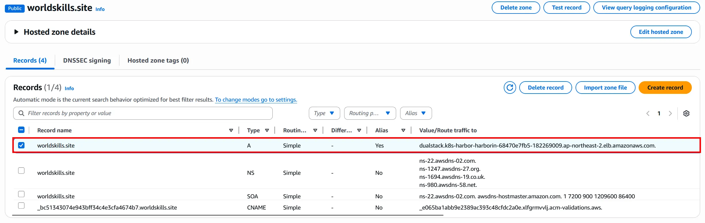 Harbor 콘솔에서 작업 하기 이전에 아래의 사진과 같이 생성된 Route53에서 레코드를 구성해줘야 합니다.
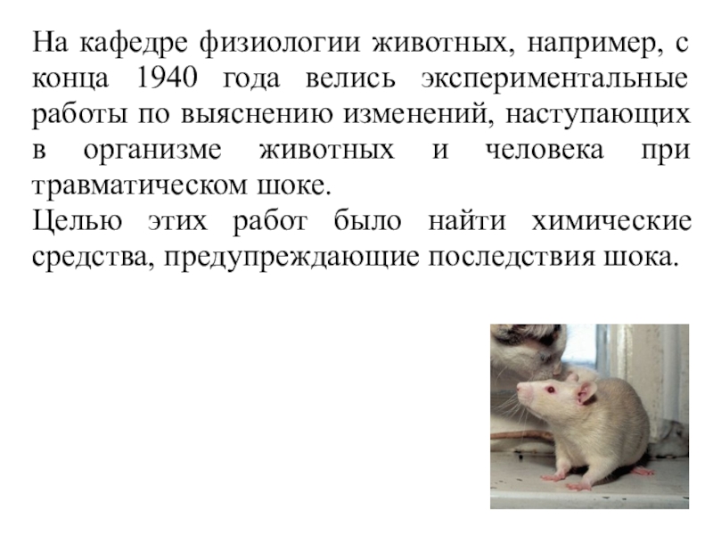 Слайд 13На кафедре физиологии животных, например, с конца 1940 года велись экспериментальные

━━━━━━━━━━━━━━━━━━━━

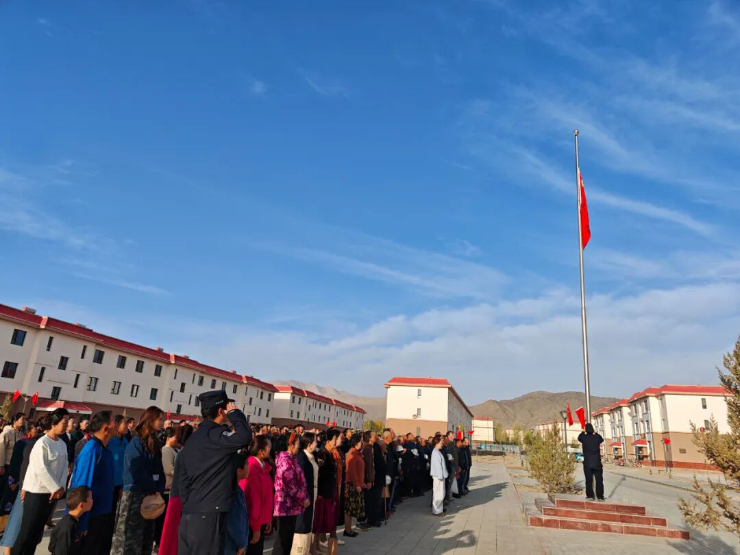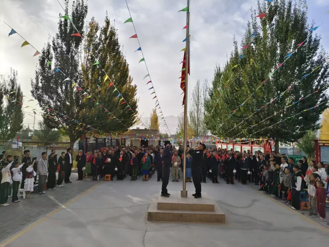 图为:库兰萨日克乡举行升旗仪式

━━━━━━━━━━━━━━━━━━━━

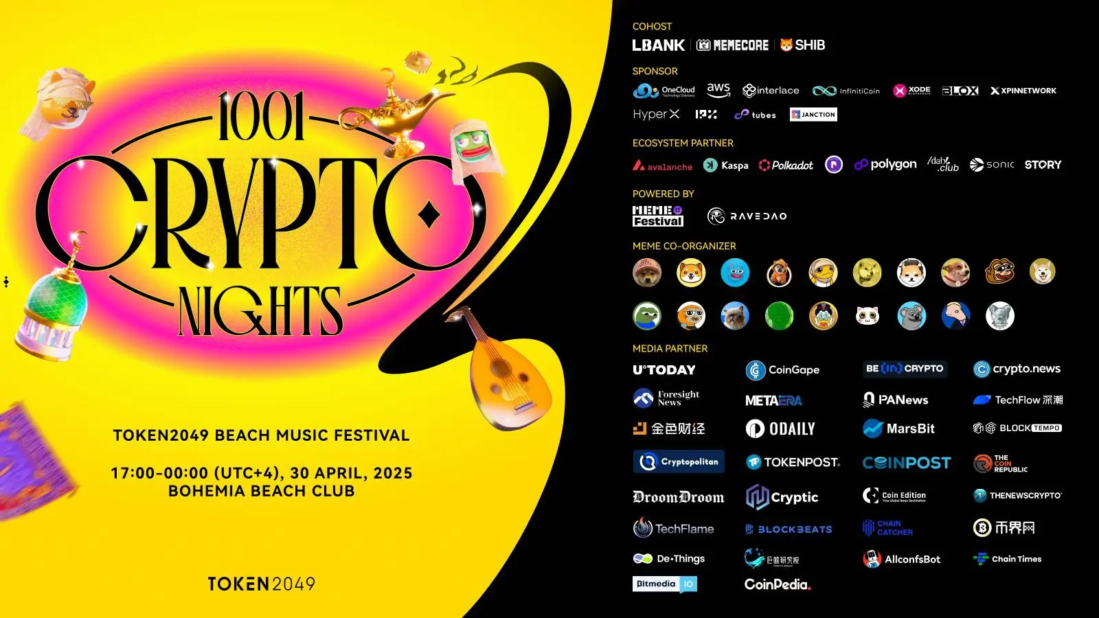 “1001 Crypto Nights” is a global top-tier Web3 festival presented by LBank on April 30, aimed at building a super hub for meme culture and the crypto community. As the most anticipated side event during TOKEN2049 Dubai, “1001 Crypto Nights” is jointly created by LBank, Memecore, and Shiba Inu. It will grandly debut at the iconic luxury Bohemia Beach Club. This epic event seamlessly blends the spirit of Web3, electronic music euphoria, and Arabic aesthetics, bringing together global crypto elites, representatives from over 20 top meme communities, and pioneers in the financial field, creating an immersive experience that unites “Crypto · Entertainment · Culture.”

━━━━━━━━━━━━━━━━━━━━

### DIRECTIONS FOR THIS TASK
In the listing above, find the line with "Harbor 콘솔에서 작업" and output it and every line after it up to and including the line with "Слайд 13На кафедре", exactly, minus the pictures.

### EXPECTED ANSWER
 Harbor 콘솔에서 작업 하기 이전에 아래의 사진과 같이 생성된 Route53에서 레코드를 구성해줘야 합니다.
 Слайд 13На кафедре физиологии животных, например, с конца 1940 года велись экспериментальные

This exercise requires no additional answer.